Ultimately, we would expect more competition in this space, probably together with us. I mean, I would say Novo Nordisk is, of course, leading the efforts, not only with CagriSema, but also with this stated ambition of taking their amylin-analog CagriSema. We're going to try it into phase three development in the coming period. In that mix where you can say Novo is approaching phase three with CagriSema, and we look to be the next with what we believe a molecule that has best-in-class potential, we feel very, very confident in our, you can say, journey ahead. Ultimately, we would welcome more competition in this space because we truly think this is the category that can solve the topic we have discussed so much on this call about how do we help patients not only achieve a weight loss, but also weight maintenance.

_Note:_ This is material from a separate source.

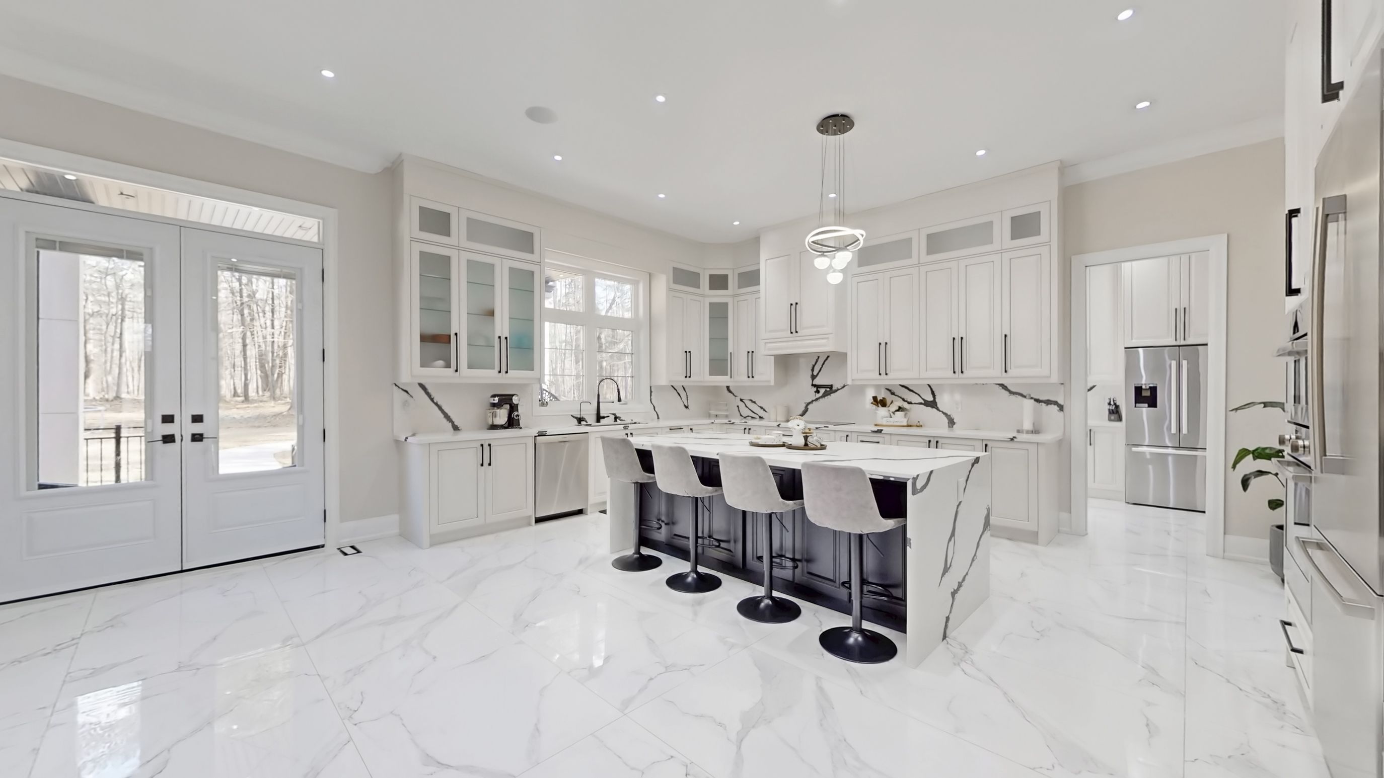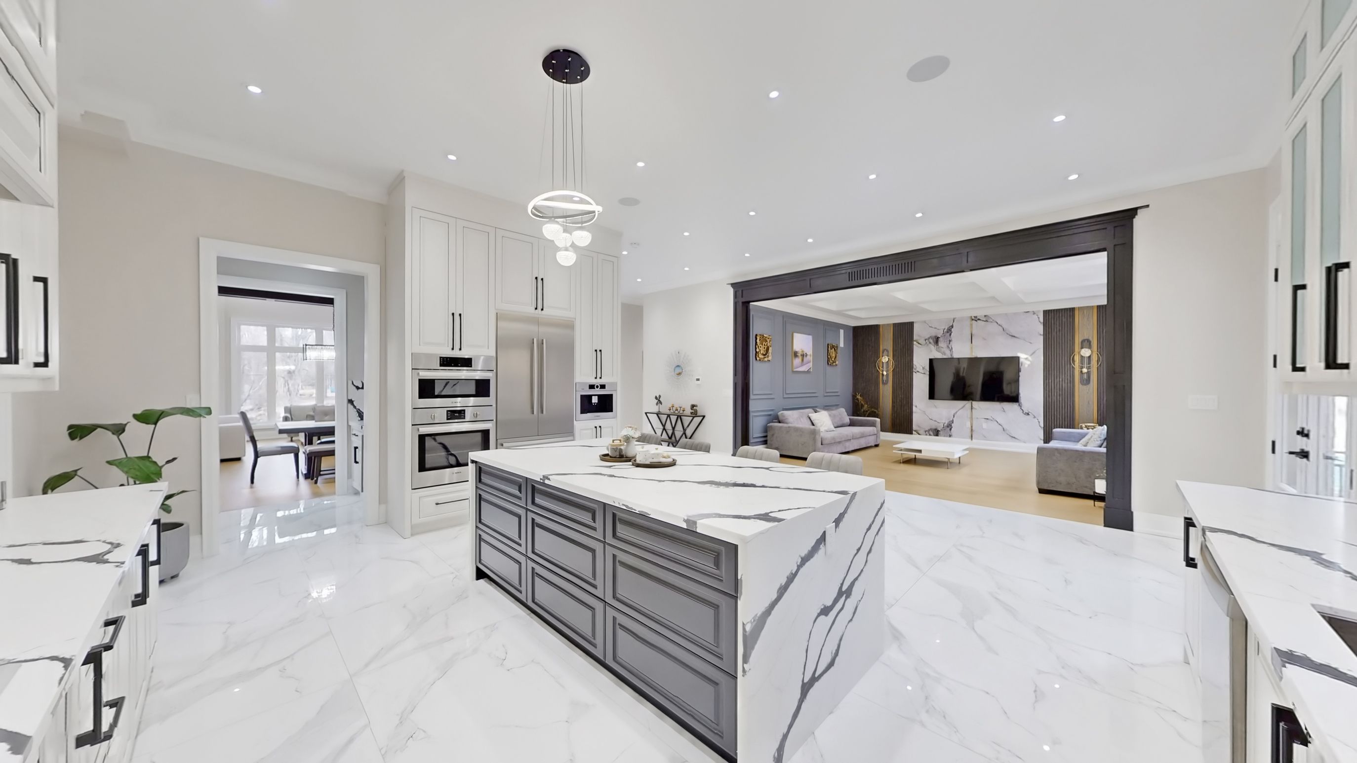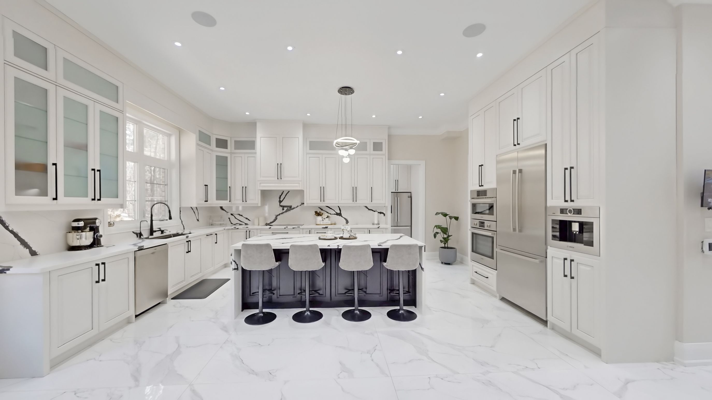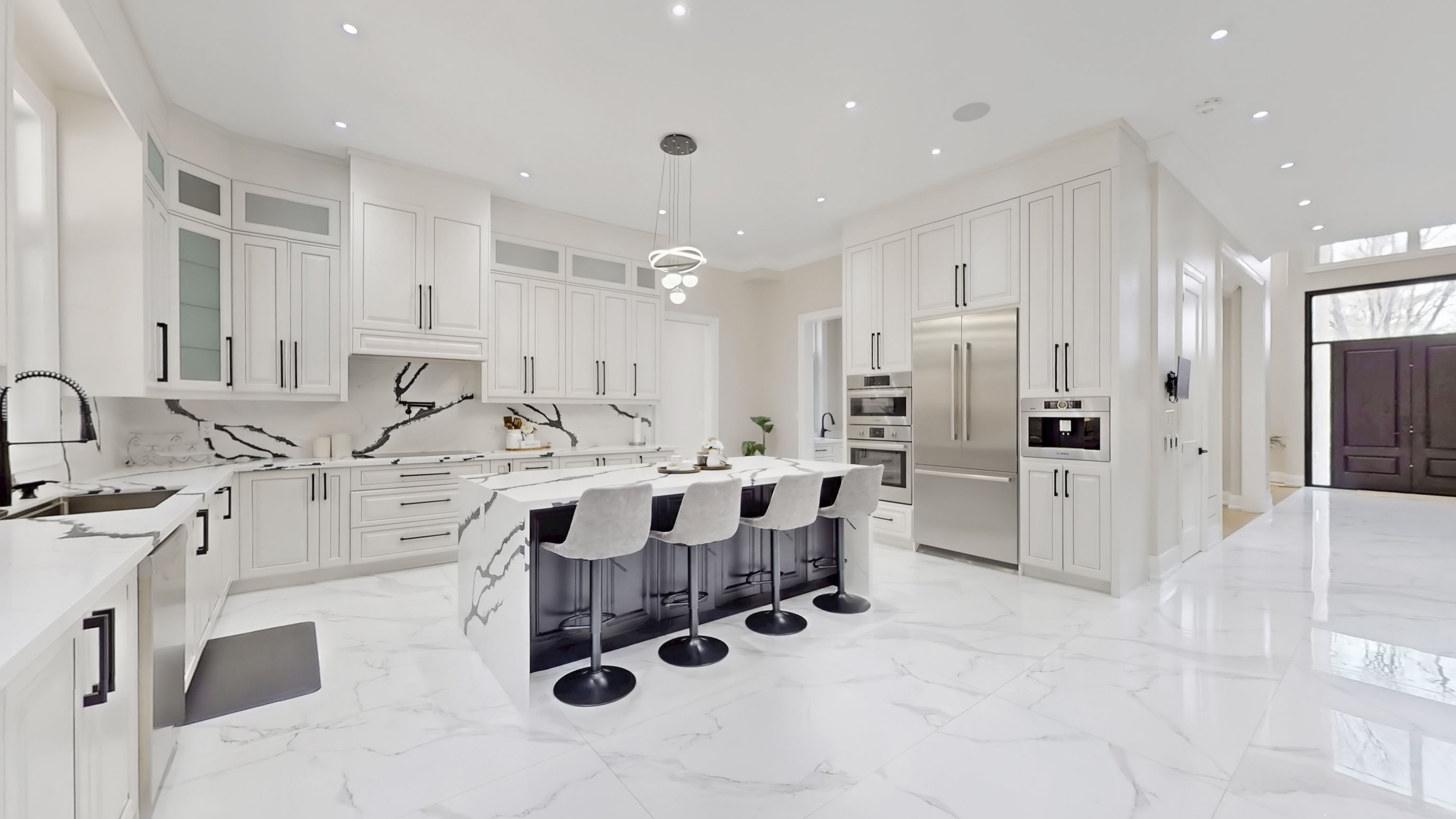 • Chef's kitchen equipped with double wall ovens and a full spice kitchen.

We just feel that we are extremely well-positioned to lead that category with petrelintide. Also, as we discussed here now that we have the combination with CT388, which would address specific patient segments, further really building around petrelintide as a franchise and as a future foundational therapy for patients with obesity and associated diseases.

Oliver Burrow
Equity Research Associate, Goldman Sachs

Awesome. Thank you.

Operator

There are no further questions. I would like to hand back for closing remarks.

Adam Steensberg
President and CEO, Zealand Pharma

With that, we would like to thank you all for attending and for your questions. We look forward to future announcements and updates and to connecting in the coming weeks and months. Thank you.

Operator

This concludes today's conference call. Thank you for participating. You may now disconnect.